Illustrative photo of a watermelon-motif kippa (JTA)

In Canaan, the Israelites wouldn’t have waited very long to taste the sweet flesh again: There is archaeological evidence of watermelon remains in Tel Arad and even earlier in Bronze Age Moab.

This cameo biblical appearance corresponds with archaeological evidence found in Egypt, including 3,300-year-old watermelon seeds buried with the ancient Egyptian King Tutankhamun and a new interpretation of a 4,300-year-old tomb painting in Egypt that Renner believes is the earliest depiction of watermelon served as a dessert.

“The image was originally published back in 1912, but nobody had interpreted it as a watermelon before,” Renner told the Live Science website. Elsewhere, “another image shows the watermelon cut up on a tray alongside other sweet fruits, such as grapes,” she said.

In this October 8, 2010, photo, people prepare local crops of sugar cane and watermelons for sale, at Abu Shouk refugee camp, where they live on the outskirts of El Fasher, North Darfur, Sudan. (AP Photo/John Heilprin, File)

At the same time, Renner’s genetic study seemed to indicate that the fruit came from further down the Nile, in Sudan. She chalks this potential migration up to a more active role in trading played by the Nubian peoples than originally thought.

“The ancient Nubians who lived in modern-day Sudan are often overlooked in favor of the Egyptians,” Renner told Live Science. “It could have been the ancient Nubians who domesticated it and traded it with the ancient Egyptians or it could have been the Egyptians, but what my research suggests is that it was somewhere in this region that the watermelon was first domesticated, and the ancient Egyptians were eating them.”

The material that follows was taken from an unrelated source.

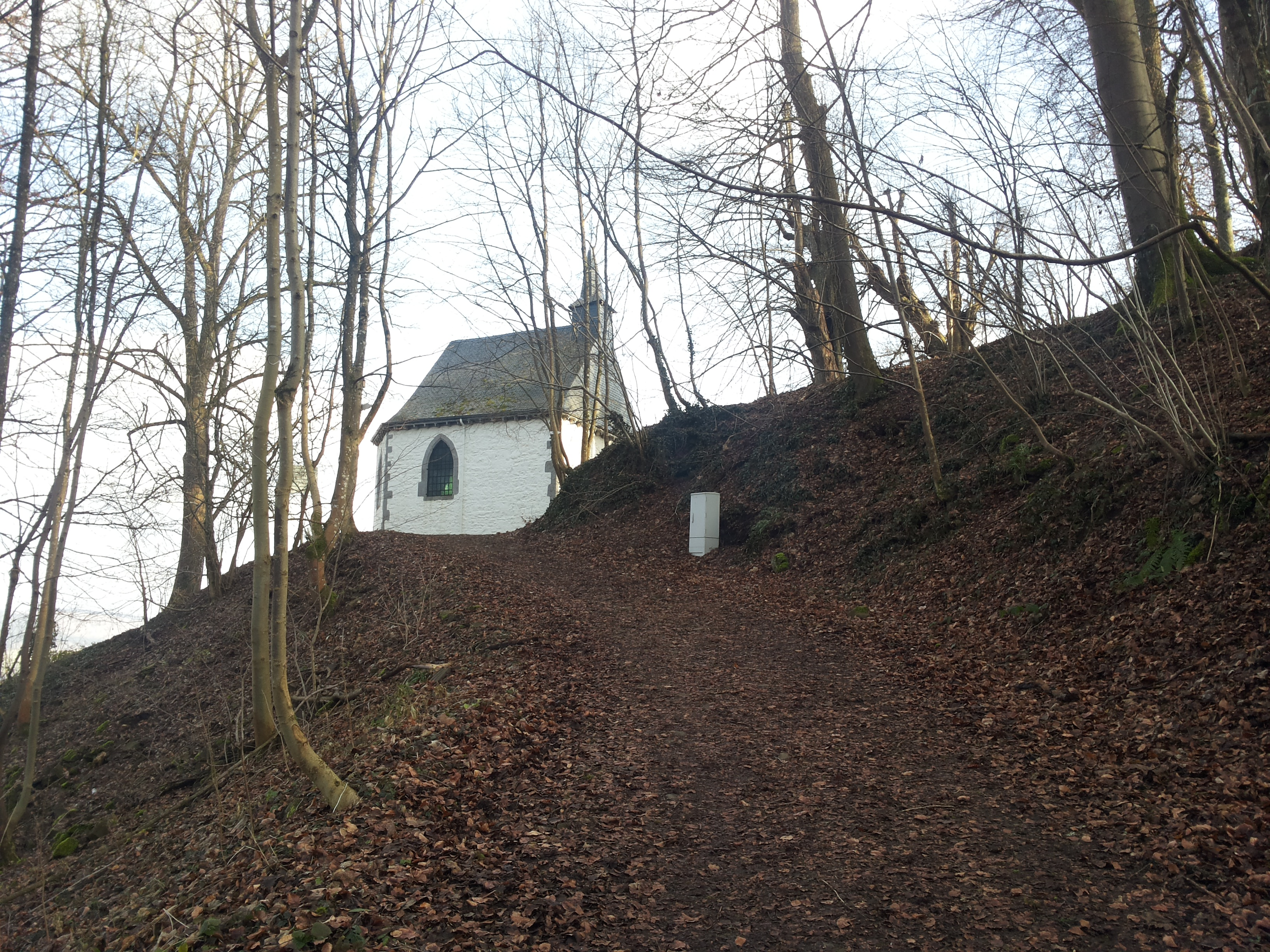 Hermitage and chapel of Saint-Thibaut, Marcourt, Rendeux, Belgium

Today, the white, not terribly sweet Sudanese melon is mostly used as animal feed.

A spider monkey licks a frozen watermelon treat on a hot day at the Oklahoma City Zoo, August 7, 2020, in Oklahoma City. (AP Photo/Sue Ogrocki)

But where did the red color come from?

According to the study, “The genetic signature of bitterness loss is present in the Kordofan melon genome, but the red fruit flesh color only became fixed in the domesticated watermelon.”

Apparently, along with an increasing preference for sweetness, early farmers showed their love for the fruit by selectively breeding for red varieties.